**GIVEN INFORMATION:**
[Start of section]

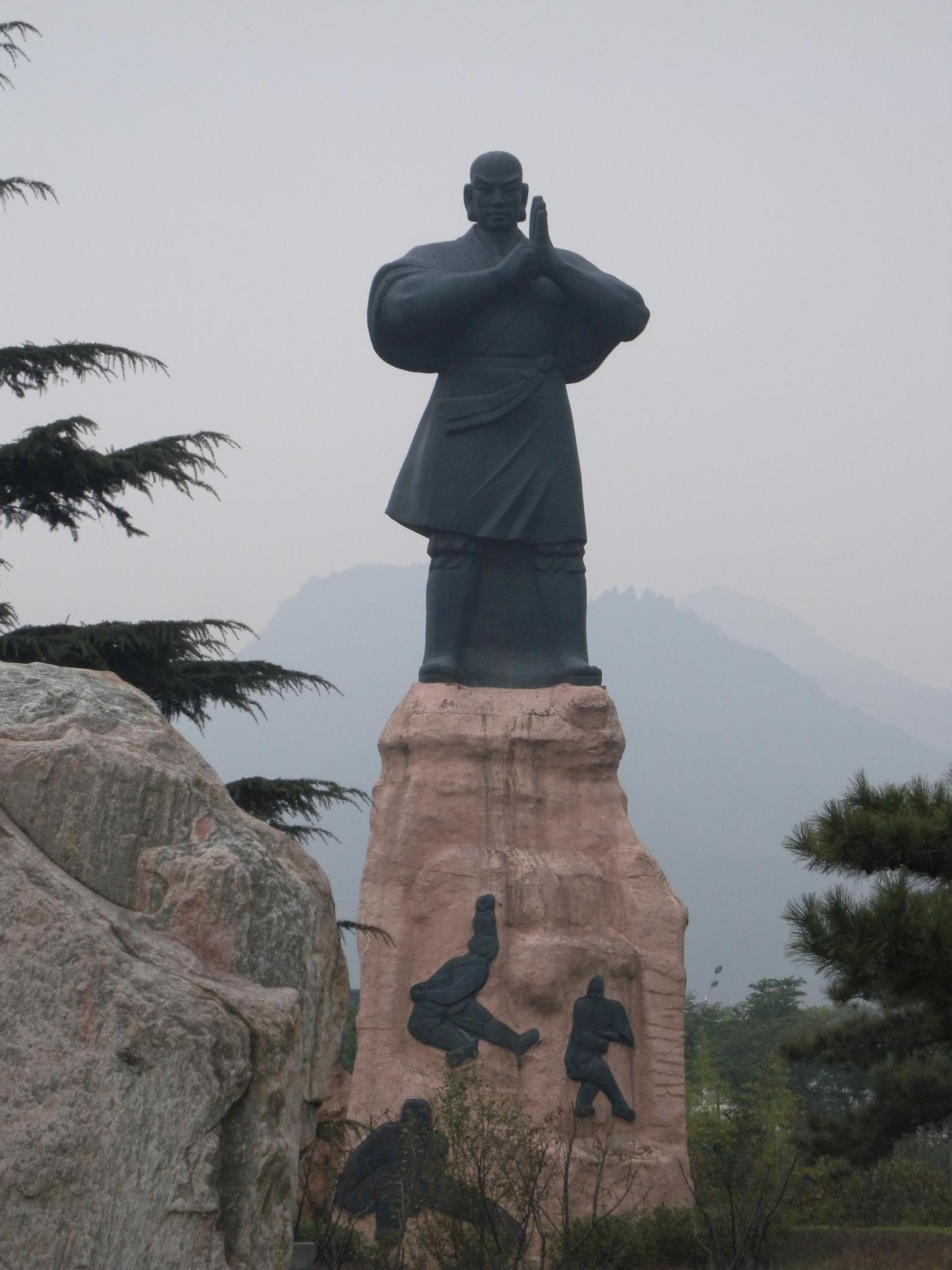 Shaolin Monastery entrance statue Any use should credit Ryan McFarland with a link
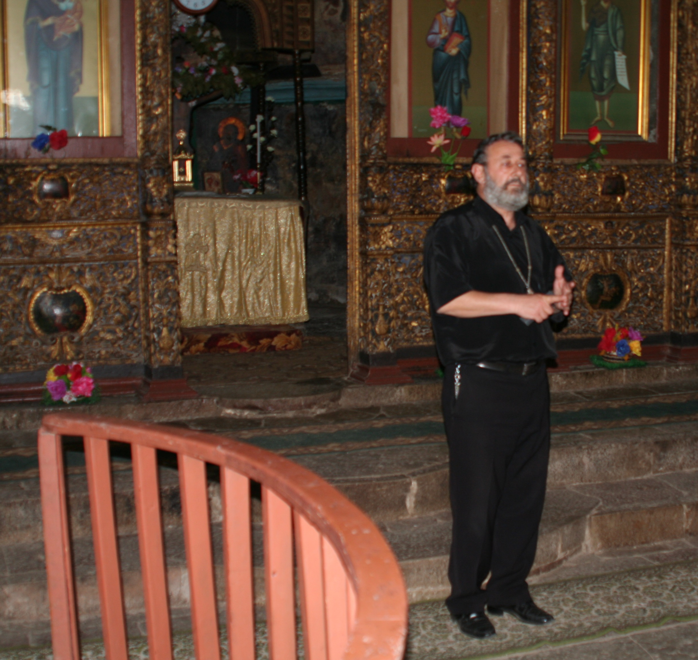 Elbasan, Albania, St Mary's Church
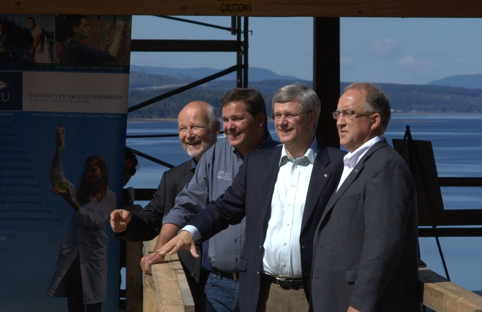 at entrance ~ Right to Left: Dr. James Lunney (Nanaimo MP), Brian Kingzett (Site Manager), Prime Minister Stephen Harper and VIU President Ralph Nilson.
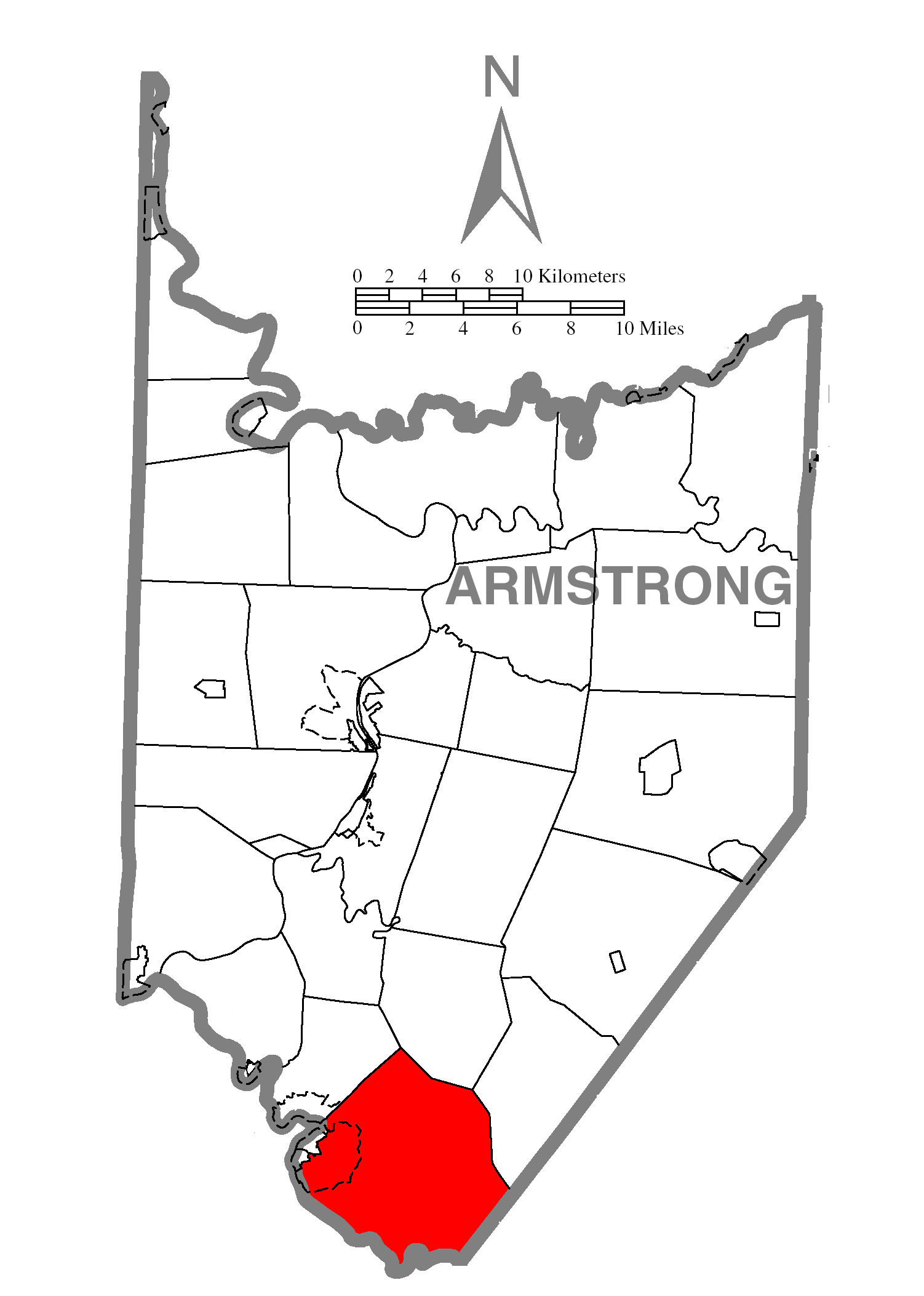 A map of Armstrong County showing Kiskiminetas Township, Pennsylvania (alternate) highlighted on the map.

[End of section]

**HOW TO COMPLETE THIS TASK:**
Verbatim output, no pictures: the line holding "at entrance ~" and all lines after it through the last line of the material, with nothing else.

**WRITTEN RESPONSE:**
 at entrance ~ Right to Left: Dr. James Lunney (Nanaimo MP), Brian Kingzett (Site Manager), Prime Minister Stephen Harper and VIU President Ralph Nilson.
 A map of Armstrong County showing Kiskiminetas Township, Pennsylvania (alternate) highlighted on the map.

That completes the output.